Typhoon Trami has strengthened from a tropical storm into a severe tropical storm as it makes its entry into the Philippine Area of Responsibility (PAR) on Sunday afternoon.
The storm is tracking through the western Pacific and through the Philippine Sea, before making landfall in Taiwan later in the week.
Trami developed into a tropical storm on Friday night and reached typhoon strength early Sunday morning.
In a bulletin issued at 11am on Sunday, the Philippine Atmospheric, Geophysical, and Astronomical Services Administration (PAGASA) said Trami has maximum winds of 125 km/h from the previous 100km/h and gustiness of up to 155 km/h from the previous 120 km/h.
When the typhoon entered the PAR, Trami was given the local name Paeng.
Accuweather meteorologist Rob Richards said: “As the storm approaches the continent, we will have a better idea of where it will go.
“Residents and anyone with interests across Japan, Taiwan and eastern China need to keep an eye on this storm.”
The precise path of the typhoon is uncertain, according to the Central Weather Bureau (CWB).
Trami is unlikely to make landfall in Taiwan, however PAGASA warned the typhoon might affect extreme Northern Luzon, or Batanes and the Babuyan Group of Islands on Friday, September 28 or even earlier on Thursday, September 27.
There are no areas under tropical cyclone warning signals yet and Trami is now moving west north-west at a slightly slower 20 km/h from the previous 25 km/h.
A gale warning could also be issued for the seaboards of Northern Luzon as Trami approaches.
Typhoon Trami is 1,260 kilometres east of Tuguegarao City, Cagayan, PAGASA said in an advisory at 5pm on Sunday.
The Office of the Civil Defense in Cordillera said on Saturday it would implement forced evacuation in the event of heavy rainfall brought by the incoming typhoon.

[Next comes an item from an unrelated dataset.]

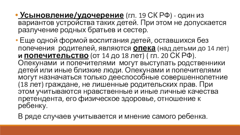 Слайд 24 Усыновление/удочерение (гл. 19 СК РФ) - один из вариантов устройства
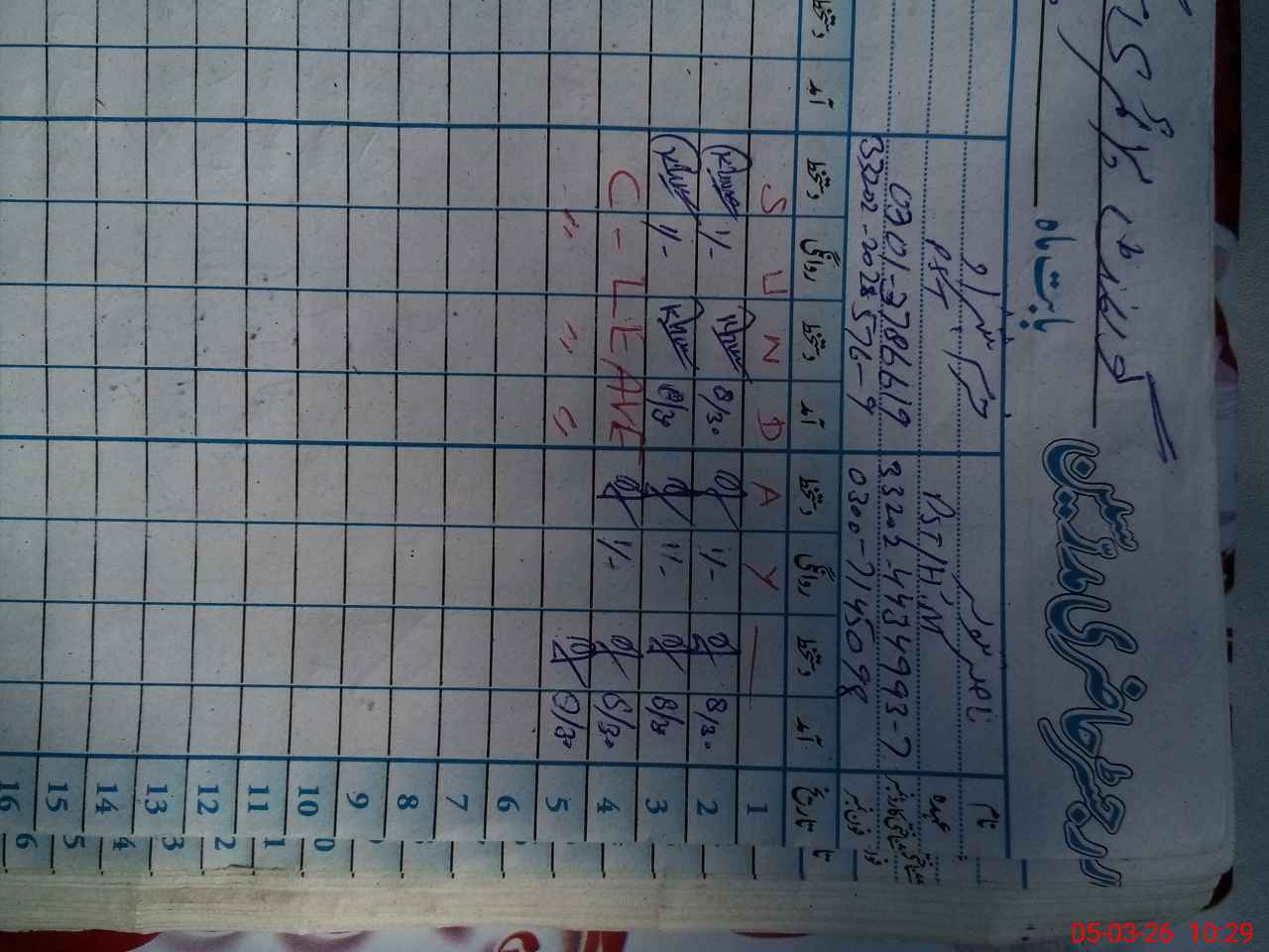 | CNIC | Full Name | Designation | R/C | Absence During Last Calender Month |

As Trami is still so far away from land, the forecast could still change but the public should continue to monitor updates.
The Philippines usually gets an average of 20 tropical cyclones per year and so far this year the country has had 15 tropical cyclones.
The country is still reeling from the devastation wrought by Super Typhoon Mangkhut.
Mangkhut left at least 95 people dead when the world’s strongest storm this year blasted the northern coast of the Philippines.
Thousands were evacuated as storm surges hit the country as Mangkhut made landfall in the Philippine province of Cagayan as a Category 5-equivalent super typhoon and impacted Hong Kong and southern China.
The whole of the country will have localised thunderstorms on Monday, mostly in the afternoon or evening.
But flash floods and landslides are possible if the thunderstorms bring heavy rain.